The glass looks different then brown glass it doesn't look cracked just wavy kinda like heat waves coming off a road .lol if you know what I'm trying to say


----------



## botlguy (Jun 13, 2015)

scottr said:
			
		

> The glass looks different then brown glass it doesn't look cracked just wavy kinda like heat waves coming off a road .lol if you know what I'm trying to say/quote]
> 
> No! lol


----------



## jarsnstuff (Jun 13, 2015)

An amber Trademark Lightning with no special characteristics will bring maybe $40-$50.  What you're describing could be worth substantially more because of:  1. the lighter color - the lighter (or more unusual the color) the better, and 2. the wavy glass - anything that makes it eye-catching such as whittle, waves, color variations, bubbles - adds to the value.  If it's as good as you say, maybe $100+.  Needless to say, a photo would help a lot.  -Tammy


----------



## scottr (Jun 13, 2015)

It says Putnam 375 on the bottom it want let me upload pic


----------



## RED Matthews (Jun 13, 2015)

Well this is confusing.

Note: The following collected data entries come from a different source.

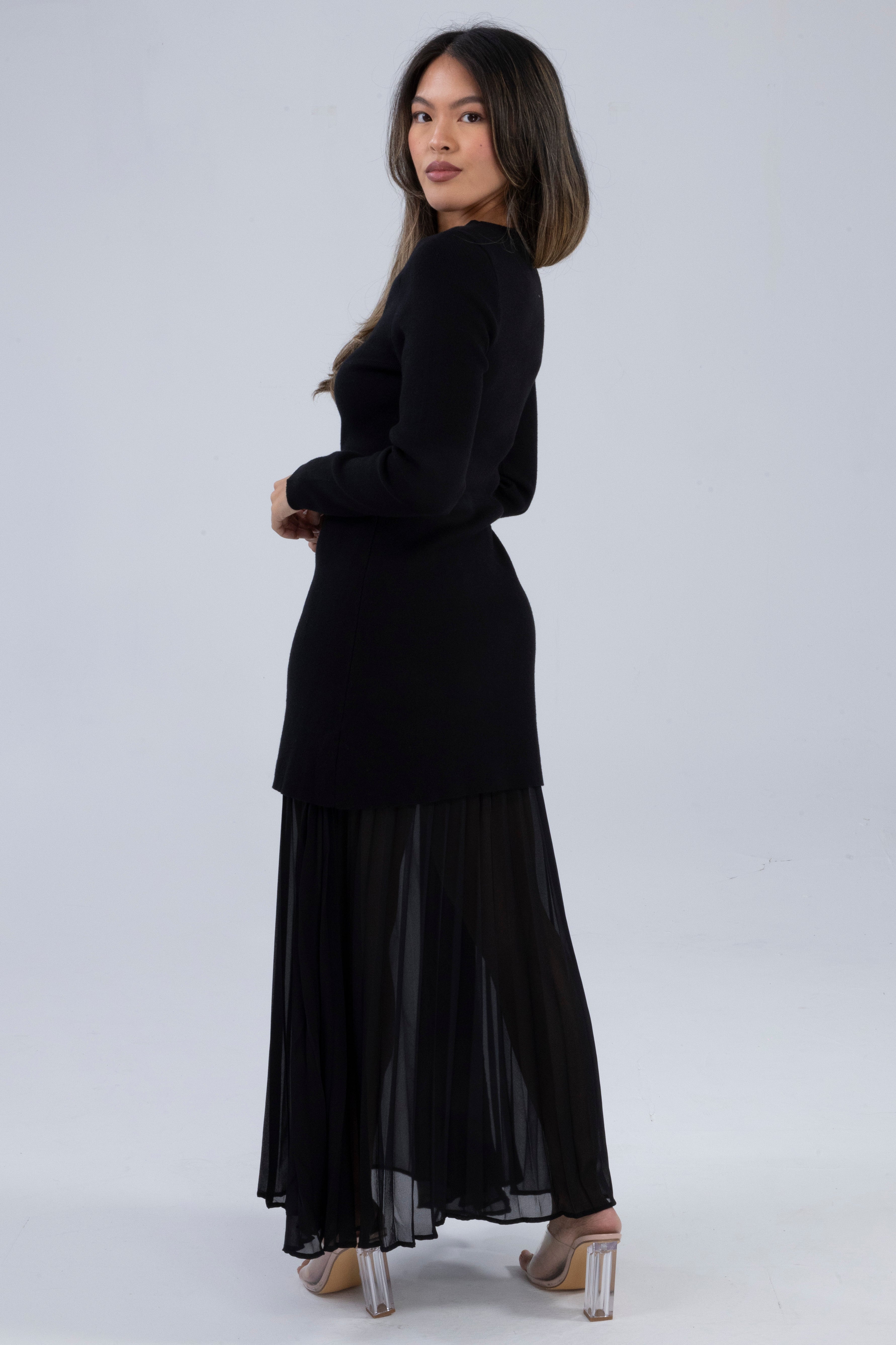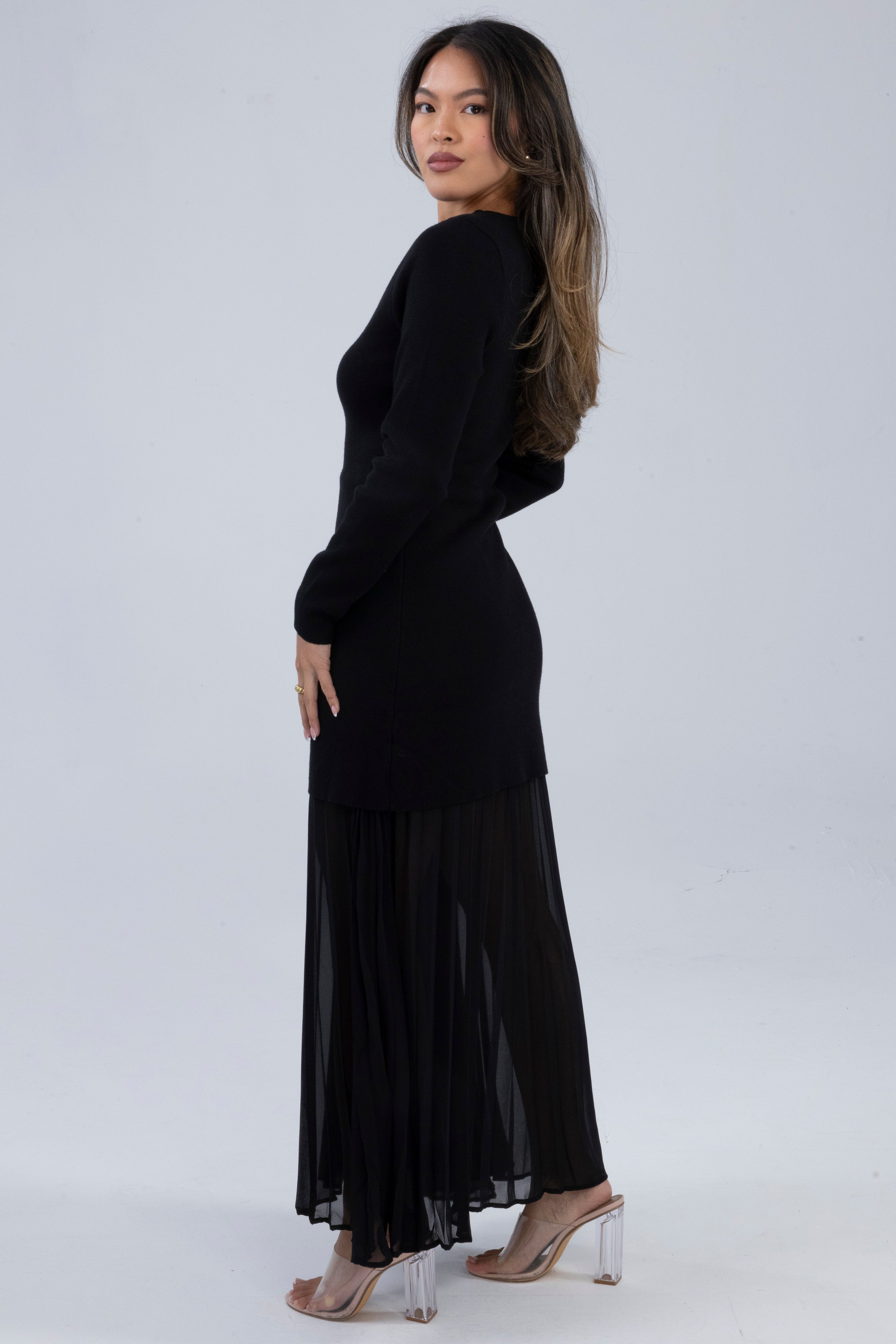 Chic and effortlessly refined, this black dress is a modern staple with elevated details. The top half features a soft, ribbed knit bodice with a flattering fitted shape and long sleeves, offering warmth and structure. Flowing from the waist, the sheer pleated skirt adds a delicate contrast, creating graceful movement with every step.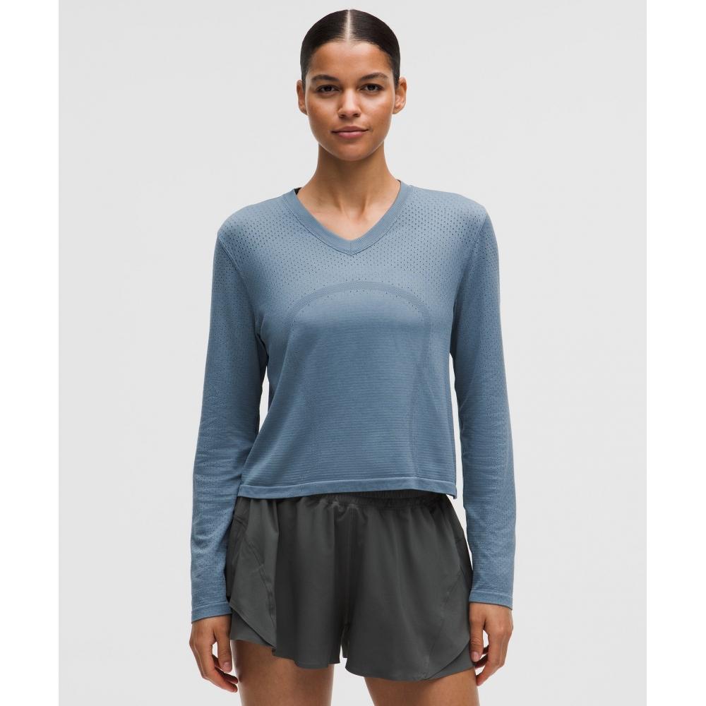 Lululemon Swiftly Open Hole V Neck Long sleeVe Shirt Steel Blue Steel Blue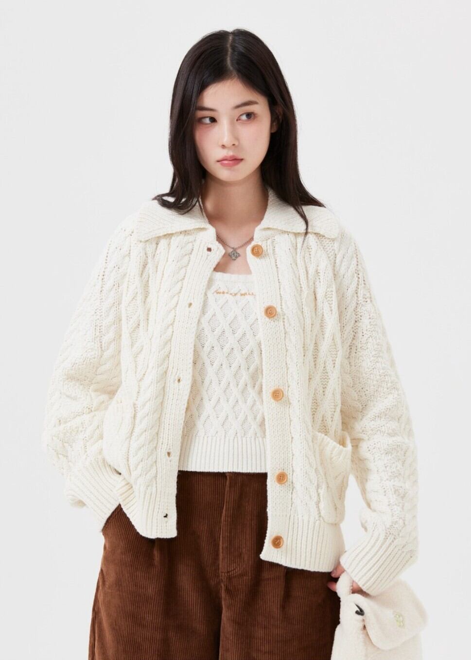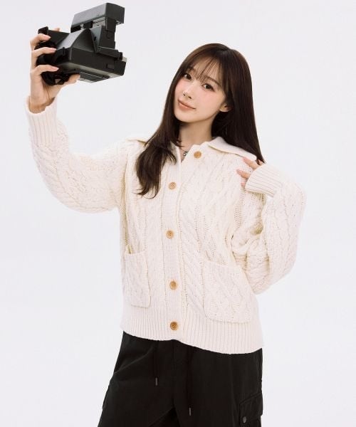 数量限定特典イベント!★aespa ジゼル 着用!!【WACKY WILLY】Women's Cable Cara Cardigan (2 colors)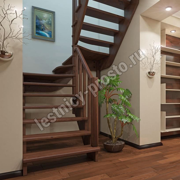 Ограждение лестницы с одной стороны. Базовый комплект включает в себя деревянные элементы лестницы и ограждения без какого-либо покрытия.
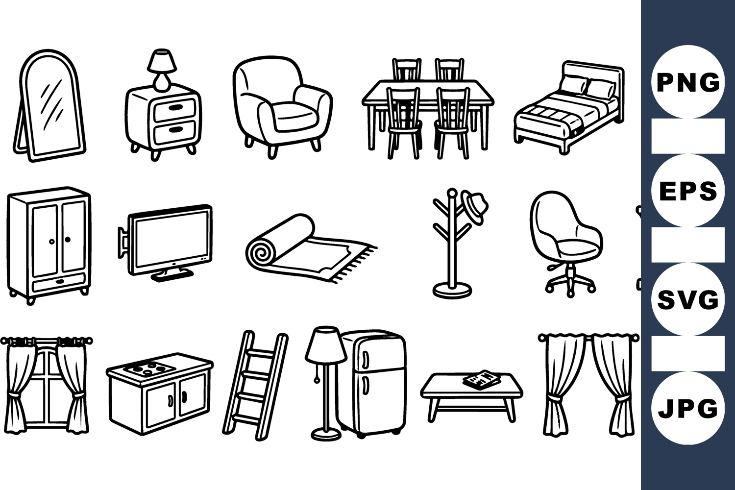 Minimalist Home Furniture Icon Svg Bundle example image 1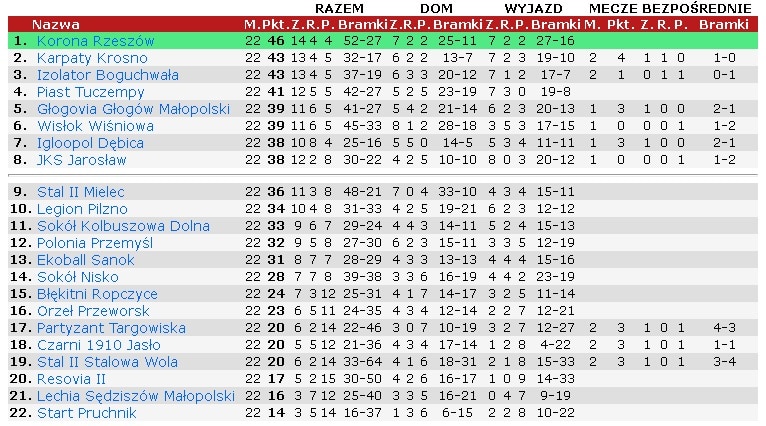 Tabela za 90minut.pl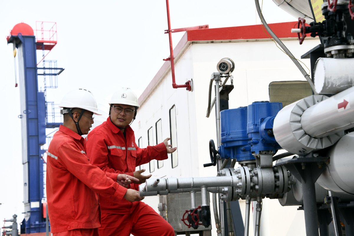Sinopec employees check CCUS equipment operations in Dongying, Shandong province. (Photo/Xinhua)

They didn't and couldn't whittle in an iron mold.  Early iron molds that had mold iron castings of plain cast iron, took heat out of the glass to fast and caused what should be called cold mold ripple.  When they started chilling the cavity of mold castings, by pouring the molten metal against a cold iron cavity formed iron piece, it created dendritic carbon in the mold iron cavity wall, for the depth of about a half inch.  This type of iron has a reduced heat extraction rate and did not cool the glass to irregular thickness.  That chill had to be knocked out of the new casting immediately when the pouring is done.This glass condition could not be correctec in the bottom part of the three mold - dip mold base, so those bottles had to have the cold mold glass in the lower part of them.      I covered this subject in an earlier home page wright=up.that was done before I found this marking in the three mold bottles I obtained.  RED M


----------



## cowseatmaize (Jun 13, 2015)

I figure it's from the early machines and some or most of the wave is actually just the difference of the thickness in the glass and how it appears in the light. I've seen quite a few where the outside is quite smooth but the waves can be felt on the inside surface,


----------



## deenodean (Jun 13, 2015)

scottr said:
			
		

> It says Putnam 375 on the bottom it want let me upload pic



If you email me a picture  I will resize and post it ... Email to =     deenodean@hotmail.com


----------



## scottr (Jun 14, 2015)

I think I sent it


----------



## scottr (Jun 14, 2015)

It looks like this one.pic with hand is mine


----------



## scottr (Jun 14, 2015)

I do have lid


----------



## cowseatmaize (Jun 14, 2015)

OK, now it's getting confusing. The jar in the picture looks like #1489. The two in the book are close except a lot of the 227's are thought to be repro but I think it was an actual mold number also. Yours is 375 without the HWP anyway so no matter.


----------



## ajohn (Jun 15, 2015)

Good color. a little lighter would make this jar a nice prize. Glass character is good also. A couple of people bidding on this would take it to $80- $90 mark. Also looks pro cleaned to me. Just my opinion. Thanks for posting, got my jar juices going again!!!


----------



## cowseatmaize (Jun 15, 2015)

Now I have a question. Were the lids pressed with the same gather to be the same color?


----------